* _What needs to be done_
Once the line with "companys Ink &" is found in the entries below, print it and each following line exactly, stopping after the line with "NMWA visitors study"; print nothing else.

* _Input_
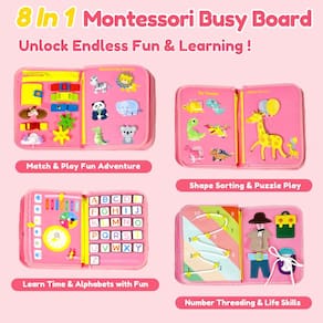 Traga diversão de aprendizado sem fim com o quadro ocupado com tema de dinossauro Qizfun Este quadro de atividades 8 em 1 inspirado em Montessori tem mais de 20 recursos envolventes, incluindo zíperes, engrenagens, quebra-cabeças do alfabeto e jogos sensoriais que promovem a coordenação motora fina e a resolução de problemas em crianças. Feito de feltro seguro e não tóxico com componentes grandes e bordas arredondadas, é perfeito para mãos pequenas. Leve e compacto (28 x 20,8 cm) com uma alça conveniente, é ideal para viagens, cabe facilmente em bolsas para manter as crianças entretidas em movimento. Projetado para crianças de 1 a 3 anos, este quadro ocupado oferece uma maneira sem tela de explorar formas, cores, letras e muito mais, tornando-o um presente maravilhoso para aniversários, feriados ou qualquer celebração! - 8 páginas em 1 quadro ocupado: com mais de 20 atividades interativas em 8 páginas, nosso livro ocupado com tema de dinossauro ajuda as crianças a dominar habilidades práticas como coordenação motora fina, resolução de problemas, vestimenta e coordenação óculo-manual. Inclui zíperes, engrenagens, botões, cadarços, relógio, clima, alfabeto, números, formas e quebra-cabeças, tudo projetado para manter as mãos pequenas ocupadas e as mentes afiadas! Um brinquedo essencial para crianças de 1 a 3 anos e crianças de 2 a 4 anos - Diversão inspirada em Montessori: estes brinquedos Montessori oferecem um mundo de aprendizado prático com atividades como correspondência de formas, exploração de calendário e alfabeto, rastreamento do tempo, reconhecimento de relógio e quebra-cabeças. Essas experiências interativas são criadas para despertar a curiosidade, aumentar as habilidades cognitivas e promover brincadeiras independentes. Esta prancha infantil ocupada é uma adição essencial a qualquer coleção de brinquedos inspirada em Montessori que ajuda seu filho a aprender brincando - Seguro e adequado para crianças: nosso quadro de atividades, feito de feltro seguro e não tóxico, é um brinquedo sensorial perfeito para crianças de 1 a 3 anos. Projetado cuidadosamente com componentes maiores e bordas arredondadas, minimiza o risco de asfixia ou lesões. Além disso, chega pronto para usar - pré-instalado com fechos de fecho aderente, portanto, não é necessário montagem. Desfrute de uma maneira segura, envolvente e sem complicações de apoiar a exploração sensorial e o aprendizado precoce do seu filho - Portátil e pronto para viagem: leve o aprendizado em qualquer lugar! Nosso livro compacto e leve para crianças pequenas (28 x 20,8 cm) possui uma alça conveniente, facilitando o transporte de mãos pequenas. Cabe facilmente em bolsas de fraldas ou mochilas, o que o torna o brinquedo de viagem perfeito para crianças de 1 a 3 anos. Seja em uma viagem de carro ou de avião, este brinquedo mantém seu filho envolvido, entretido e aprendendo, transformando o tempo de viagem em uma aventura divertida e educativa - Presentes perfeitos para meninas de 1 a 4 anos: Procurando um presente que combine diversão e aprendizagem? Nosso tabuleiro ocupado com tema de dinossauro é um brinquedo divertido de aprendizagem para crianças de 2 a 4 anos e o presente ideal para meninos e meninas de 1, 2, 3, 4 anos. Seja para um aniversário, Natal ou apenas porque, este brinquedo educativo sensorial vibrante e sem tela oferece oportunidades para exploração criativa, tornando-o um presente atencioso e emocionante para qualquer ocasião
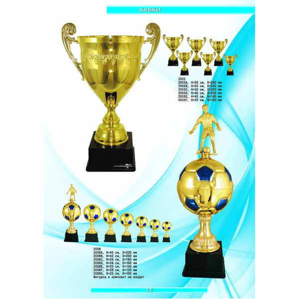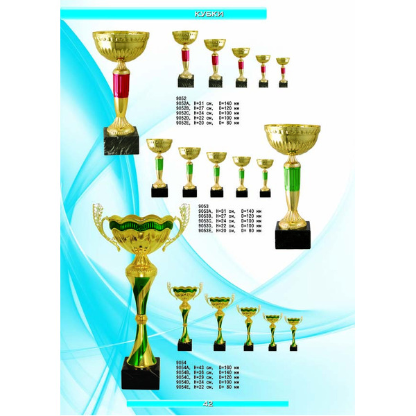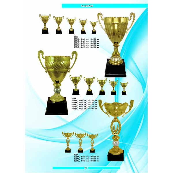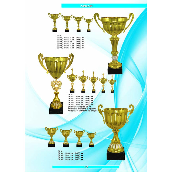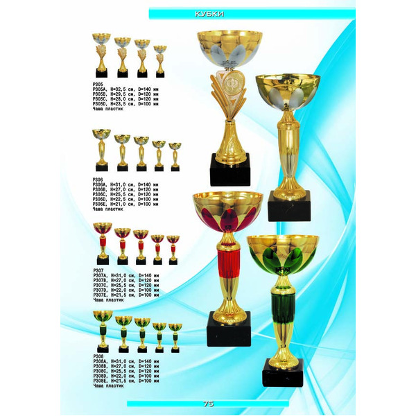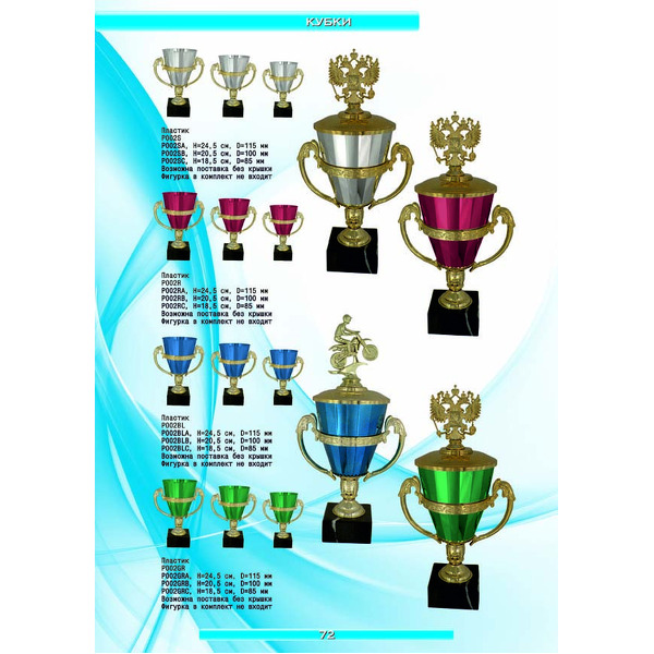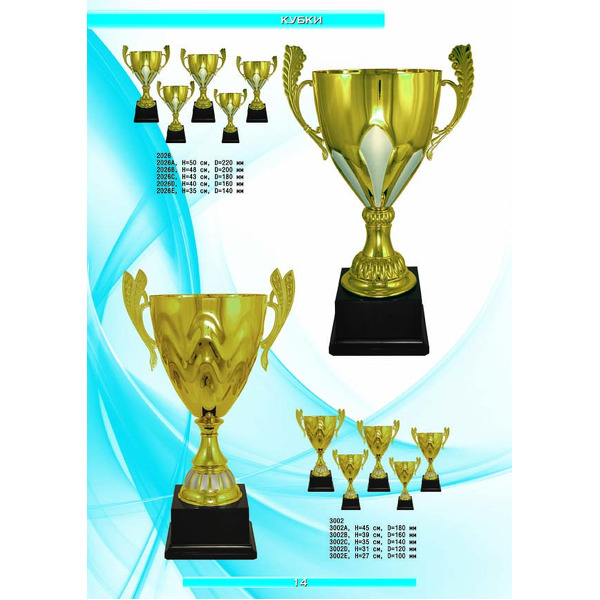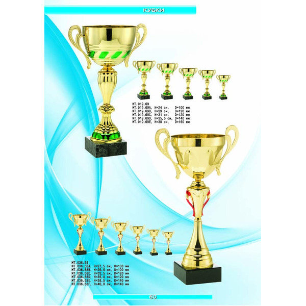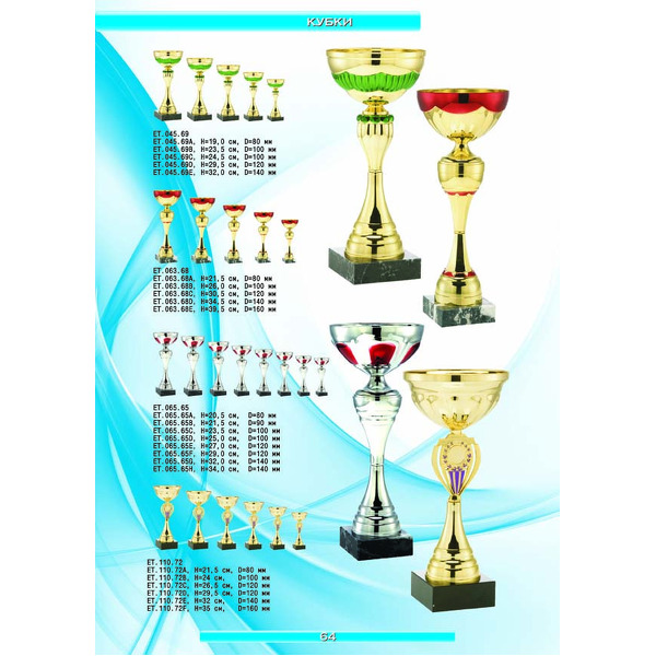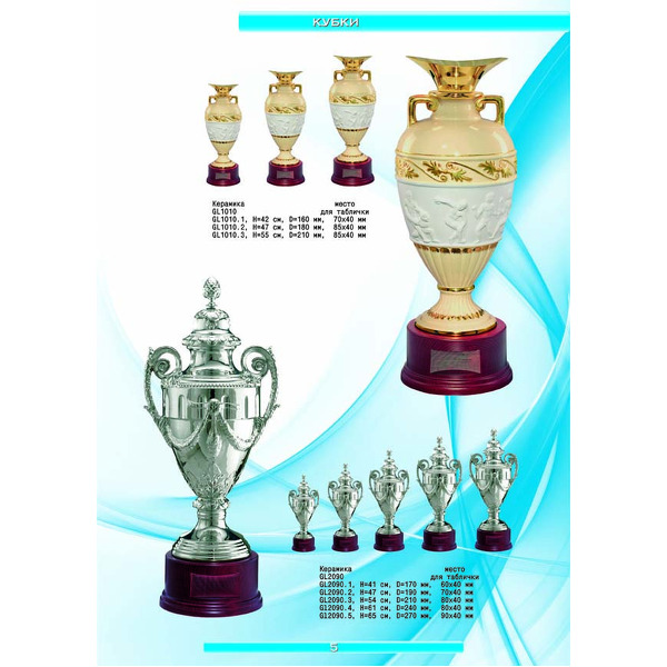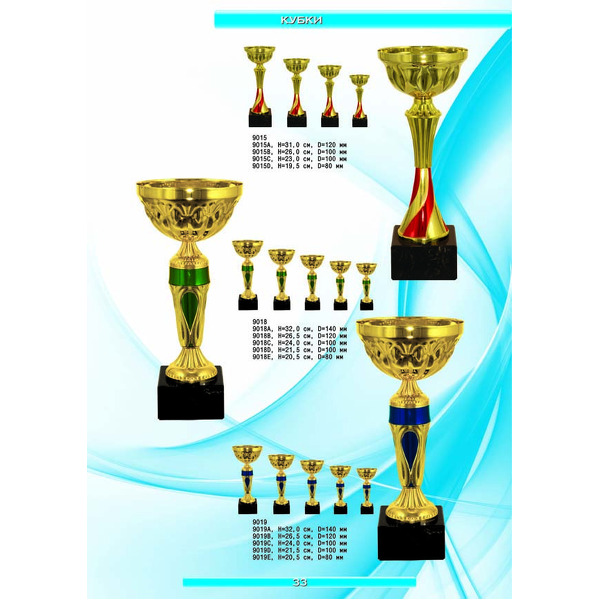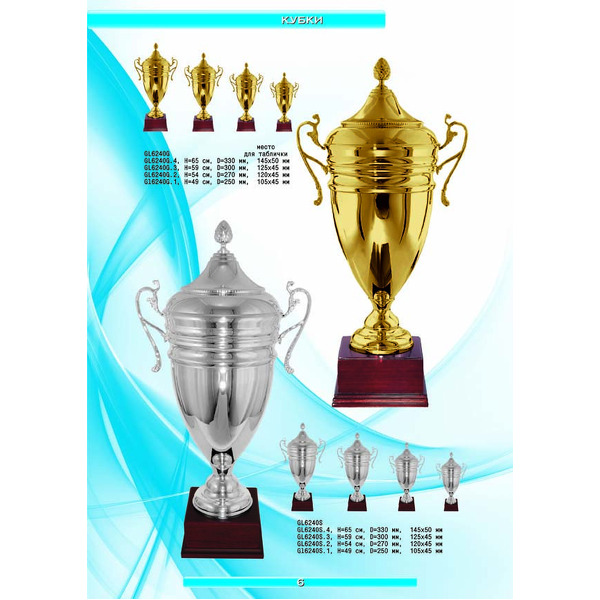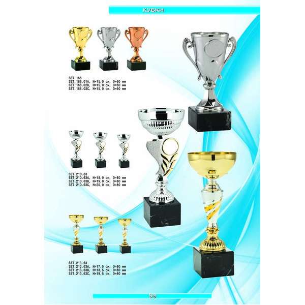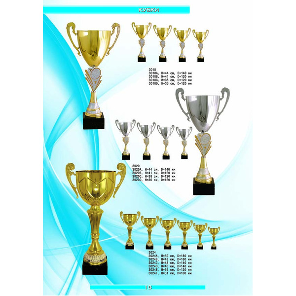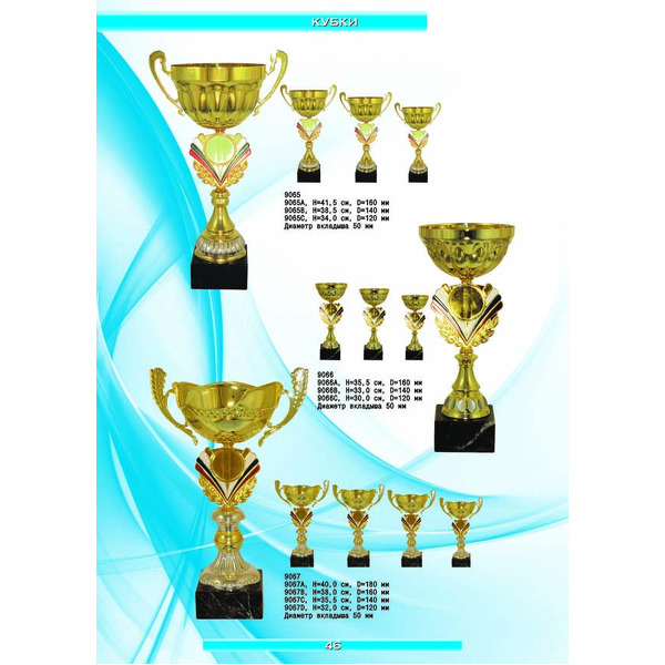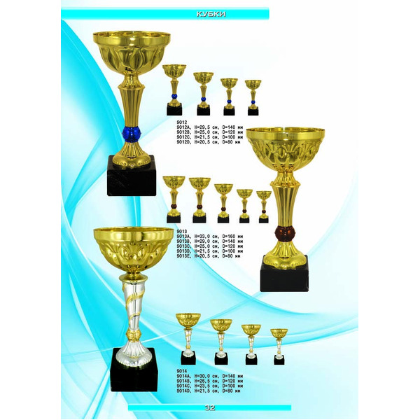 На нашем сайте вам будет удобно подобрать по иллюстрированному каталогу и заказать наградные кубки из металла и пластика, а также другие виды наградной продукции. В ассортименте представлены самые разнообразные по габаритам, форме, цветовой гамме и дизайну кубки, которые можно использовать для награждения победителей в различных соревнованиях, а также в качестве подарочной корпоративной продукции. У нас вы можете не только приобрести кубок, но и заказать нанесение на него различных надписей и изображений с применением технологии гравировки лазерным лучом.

--

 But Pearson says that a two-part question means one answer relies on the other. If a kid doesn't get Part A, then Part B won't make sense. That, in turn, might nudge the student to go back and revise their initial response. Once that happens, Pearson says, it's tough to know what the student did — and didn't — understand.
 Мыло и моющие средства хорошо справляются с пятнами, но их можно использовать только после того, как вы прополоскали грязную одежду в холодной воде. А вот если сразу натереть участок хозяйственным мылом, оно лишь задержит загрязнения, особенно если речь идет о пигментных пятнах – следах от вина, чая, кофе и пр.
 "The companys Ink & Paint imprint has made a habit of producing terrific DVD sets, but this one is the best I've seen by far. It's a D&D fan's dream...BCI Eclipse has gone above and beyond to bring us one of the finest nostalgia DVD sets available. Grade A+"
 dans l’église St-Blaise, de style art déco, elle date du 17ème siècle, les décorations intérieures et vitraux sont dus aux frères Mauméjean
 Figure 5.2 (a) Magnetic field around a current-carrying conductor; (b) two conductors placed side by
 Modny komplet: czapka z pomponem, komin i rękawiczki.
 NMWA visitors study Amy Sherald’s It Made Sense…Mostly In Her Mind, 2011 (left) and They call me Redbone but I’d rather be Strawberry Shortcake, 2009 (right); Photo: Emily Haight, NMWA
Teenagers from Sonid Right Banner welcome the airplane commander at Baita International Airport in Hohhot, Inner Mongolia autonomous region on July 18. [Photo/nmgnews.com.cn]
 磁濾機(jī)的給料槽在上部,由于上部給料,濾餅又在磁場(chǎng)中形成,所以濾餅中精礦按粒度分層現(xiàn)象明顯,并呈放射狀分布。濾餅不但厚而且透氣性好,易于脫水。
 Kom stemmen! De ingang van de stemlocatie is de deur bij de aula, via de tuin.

...

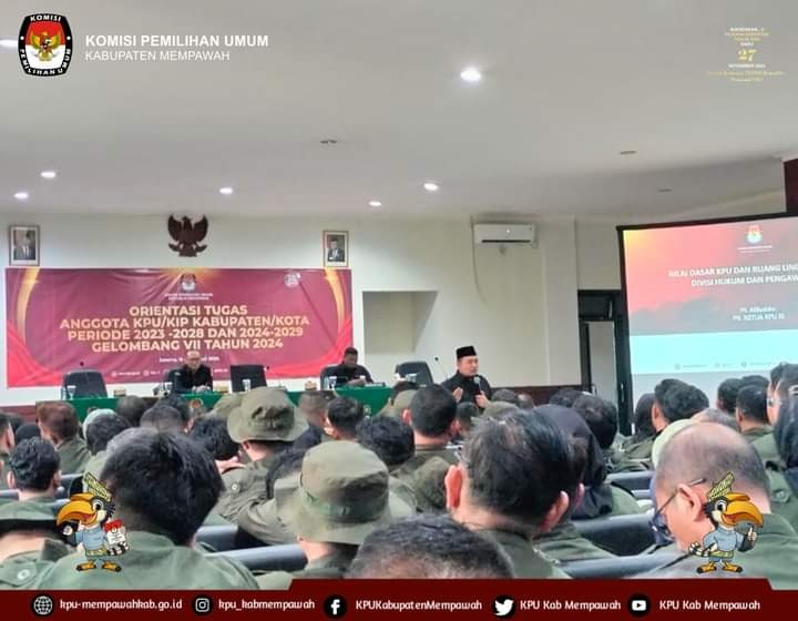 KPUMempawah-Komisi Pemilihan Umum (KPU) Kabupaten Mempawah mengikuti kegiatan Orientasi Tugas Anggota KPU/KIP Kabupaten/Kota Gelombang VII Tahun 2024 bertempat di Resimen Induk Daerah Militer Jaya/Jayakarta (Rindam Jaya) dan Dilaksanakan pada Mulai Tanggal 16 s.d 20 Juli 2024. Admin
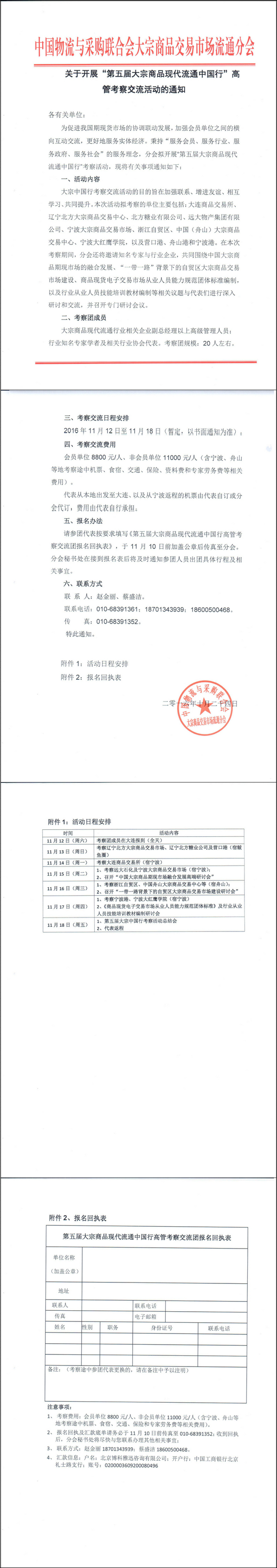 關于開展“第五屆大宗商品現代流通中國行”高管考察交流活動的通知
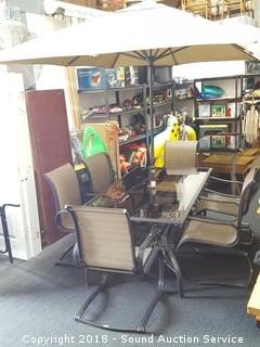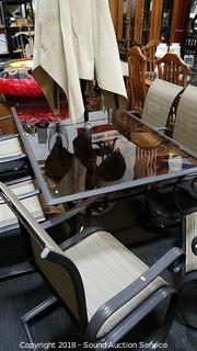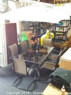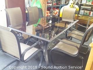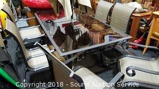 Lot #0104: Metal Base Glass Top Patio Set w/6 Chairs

* _Answer box_
 "The companys Ink & Paint imprint has made a habit of producing terrific DVD sets, but this one is the best I've seen by far. It's a D&D fan's dream...BCI Eclipse has gone above and beyond to bring us one of the finest nostalgia DVD sets available. Grade A+"
 dans l’église St-Blaise, de style art déco, elle date du 17ème siècle, les décorations intérieures et vitraux sont dus aux frères Mauméjean
 Figure 5.2 (a) Magnetic field around a current-carrying conductor; (b) two conductors placed side by
 Modny komplet: czapka z pomponem, komin i rękawiczki.
 NMWA visitors study Amy Sherald’s It Made Sense…Mostly In Her Mind, 2011 (left) and They call me Redbone but I’d rather be Strawberry Shortcake, 2009 (right); Photo: Emily Haight, NMWA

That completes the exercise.